André Robin De Shields (born January 12, 1946) is an American actor, singer, dancer, director, and choreographer.

De Shields originated the role of Hermes on Broadway in the musical Hadestown, winning the 2019 Tony Award for Best Actor in a Featured Role in a Musical and the 2020 Grammy Award for Best Musical Theater Album for his performance. He has also appeared on television, and won a Primetime Emmy Award for Outstanding Individual Achievement for his performance in the 1982 NBC broadcast of Ain't Misbehavin'.

Early life and education
André Robin De Shields was born on January 12, 1946, in Dundalk, Maryland, to Mary Gunther and John De Shields. He was raised in Baltimore, Maryland, the ninth of eleven children; his father died at the age of 50, when André was 17. De Shields obtained his high school diploma at Baltimore City College in 1964, then attended Wilmington College, where he starred in a production of Lorraine Hansberry's A Raisin in the Sun. He then transferred colleges and earned his B.A. in English literature from the University of Wisconsin, Madison in 1970. In 1991, De Shields received his M.A. in African American studies from the Gallatin School of Individualized Study of New York University.

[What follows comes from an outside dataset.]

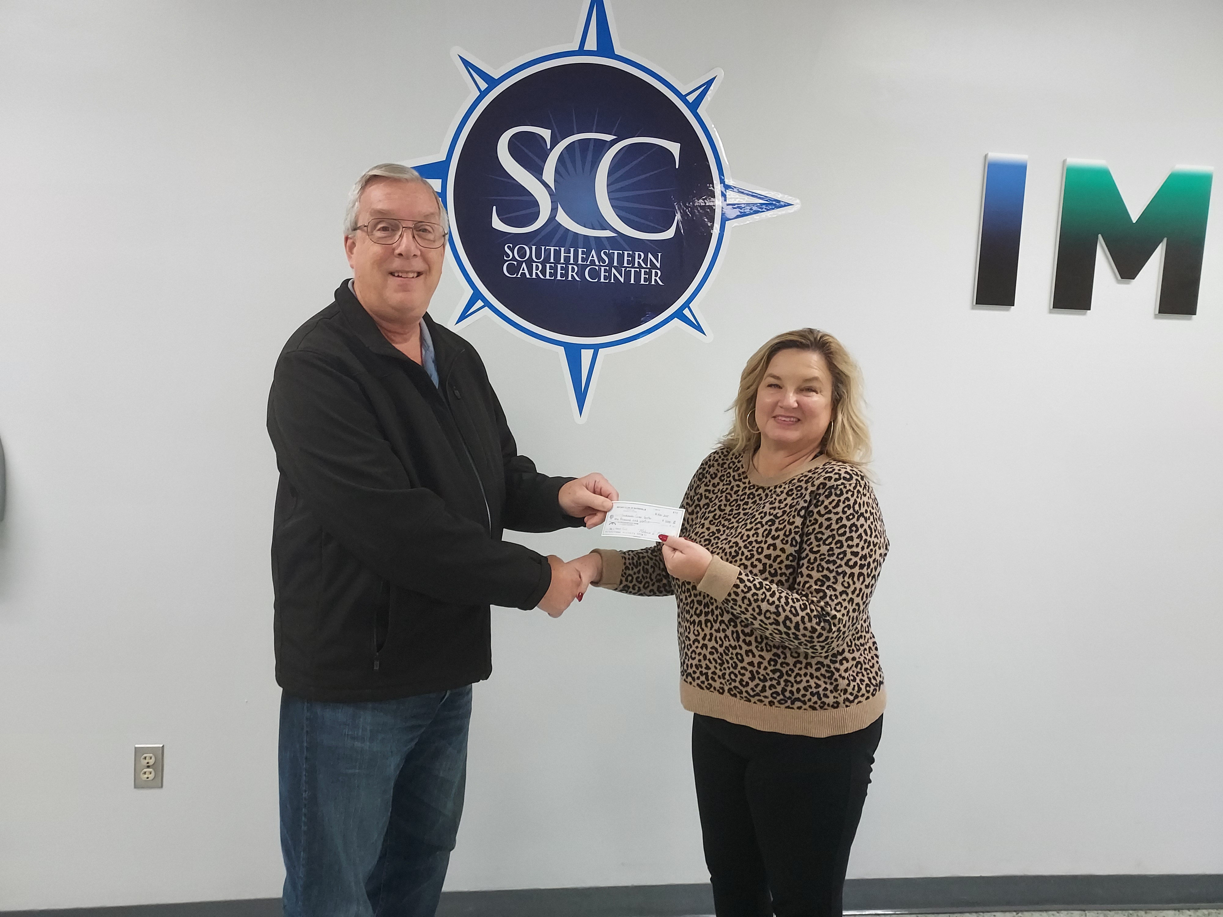 Rotary Club of Batesville President Donald Mobley presented Amy Solly Student Service Coordinator of the Southeastern Career Center a check for $1000 to the “Rotary Help a Student Fund” to help with any costs to enable students to participate in high quality Career & Technical Programs.

He currently serves as an adjunct professor at Gallatin.

Career
De Shields began his professional career in the 1969 Chicago production of Hair, which led to a role in The Me Nobody Knows and participation in Chicago's Organic Theater Company. He performed in a number of off-off-Broadway productions at La MaMa Experimental Theatre Club in the East Village of Manhattan during the 1970s, 1980s, and early 1990s. These included Ken Rubenstein's Sacred Guard (1973), Lamar Alford's Thoughts (1974), and the Cotton Club Gala with music by Aaron Bell and directed by Ellen Stewart (1985). He co-wrote (with Judith Cohen) and directed an evening of songs called Judith and the Cohen Sisters in Midnight in Manhattan at La MaMa in September/October 1984. He directed a production of Chico Kasinoir's The Adventures of Rhubarb: The Rock and Roll Rabbit in 1985 and a production of his own work, Saint Tous, to celebrate Black History Month at La MaMa in February 1991.

He made his Broadway debut as Xander in Stuart Gordon's 1973 Warp! and next appeared in Paul Jabara's 1973 Rachael Lily Rosenbloom (And Don't You Ever Forget It), which closed during previews. He then appeared in the title role of The Wiz, Charlie Smalls and William F. Brown's 1975 musical directed by Geoffrey Holder.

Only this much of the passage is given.